2. Cut out two squares of aluminum foil roughly 8-12 inches on a side. Make sure they are the same size!
3. Fold your aluminum squares in half and crease the fold.
4. Label one of the pieces “1” and the other “2”
5. OPTIONAL: If you have a postal scale, weigh the two pieces of aluminum foil to make sure they are the same weight
6. Hold the two pieces of aluminum at the same height and drop them. Record which one hits the ground first. If they seem to hit at the same time, write down “tie”
7. Repeat step 5 until you have done it 10 times – which one hit the ground first the most often? What was the percentage of the time that it hit first?
8. Now roll one of the pieces of aluminum into a small ball. Repeat step 5 until you have done it 10 times.

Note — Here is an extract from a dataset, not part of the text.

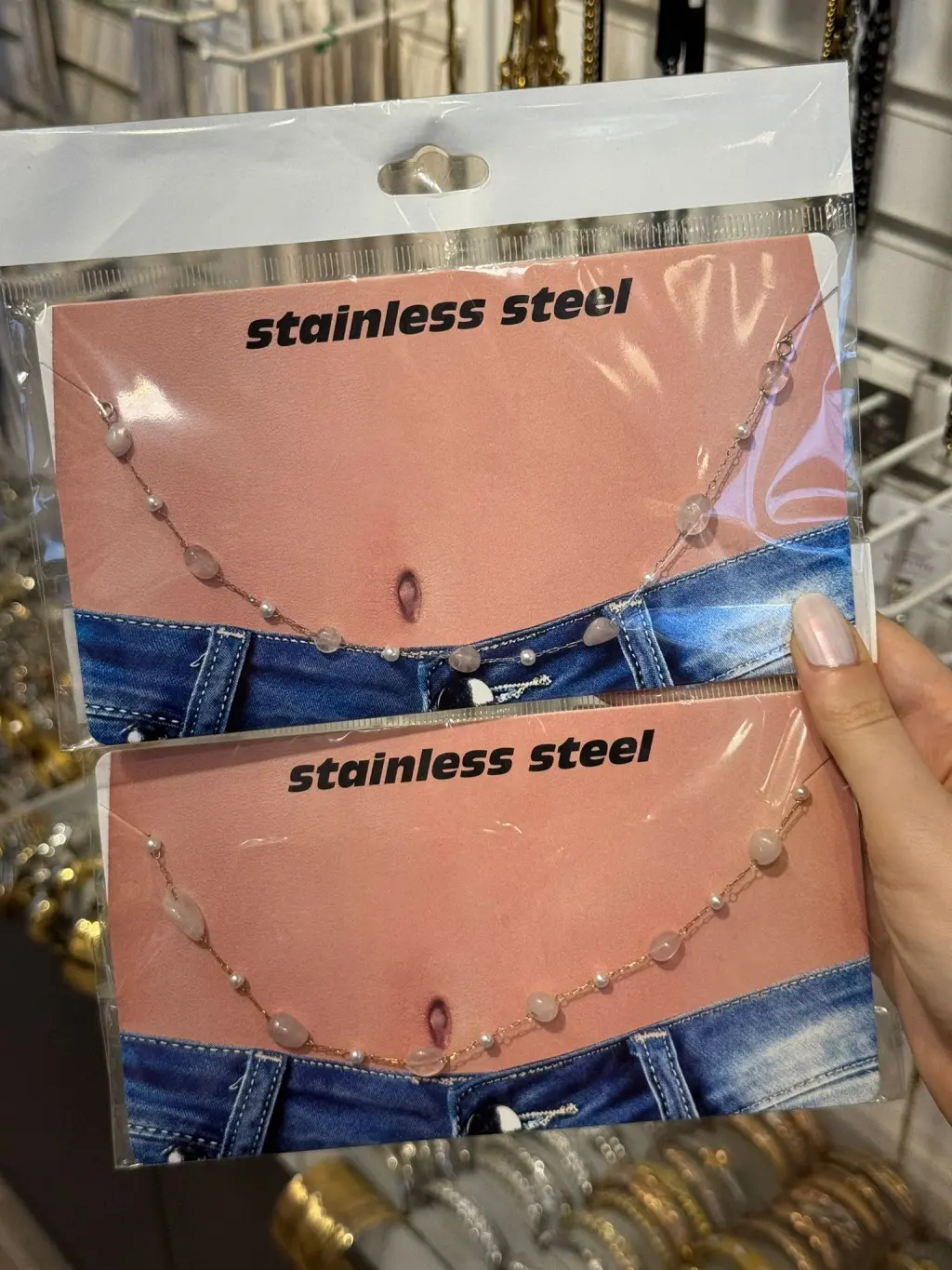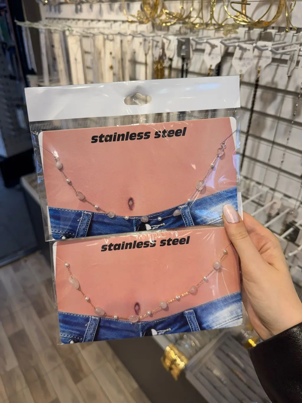 Zarif pembe taş detaylarıyla tasarlanan bu romantik göbek zinciri, feminen ve yumuşak bir ışıltı sunarak tarzına zarafet katıyor. Paslanmaz çelikten üretilen zinciri, suya ve terlemeye karşı dayanıklı olup uzun süre parlaklığını korur. Şeffaf ve pastel tonlu taşlar, vücudu zarifçe saran yapısıyla hem sade hem de dikkat çekici bir görünüm yaratır.

9. Did that change the results? Or did it change the percentage? Was your hypothesis confirmed?
*TIP: you can expand on this project by trying out different shapes with the aluminum foil: try folding one into an airplane shape, or into a star! Many science projects for kids can be generated based on this model.
Center of Mass
Here are additional science projects for kids that teach the principle of center of mass, which determines whether an object falls down or stays up.
- 1 ping-pong ball
- 2 squares of white paper (roughly 3×4 inches)
- modeling clay
1. Cut the ping-pong ball in half.
2. Fill one half of the ping-pong ball about 2/3 of the way up with modeling clay
3. Draw faces and arms on the pieces of paper – keep in mind that they will be rolled into tubes, and try to draw accordingly (adults can pencil-in templates to ensure proper spacing)
4. Roll up the pieces of paper and place them inside the halves of the ping-pong ball. Secure with tape.
*TIP: Other science projects for kids can be to repeat the experiment with two more clowns. In this variant, the other two clowns will have “caps” made of halved ping-pong balls. One cap will have clay in it, the other not – does this change the results?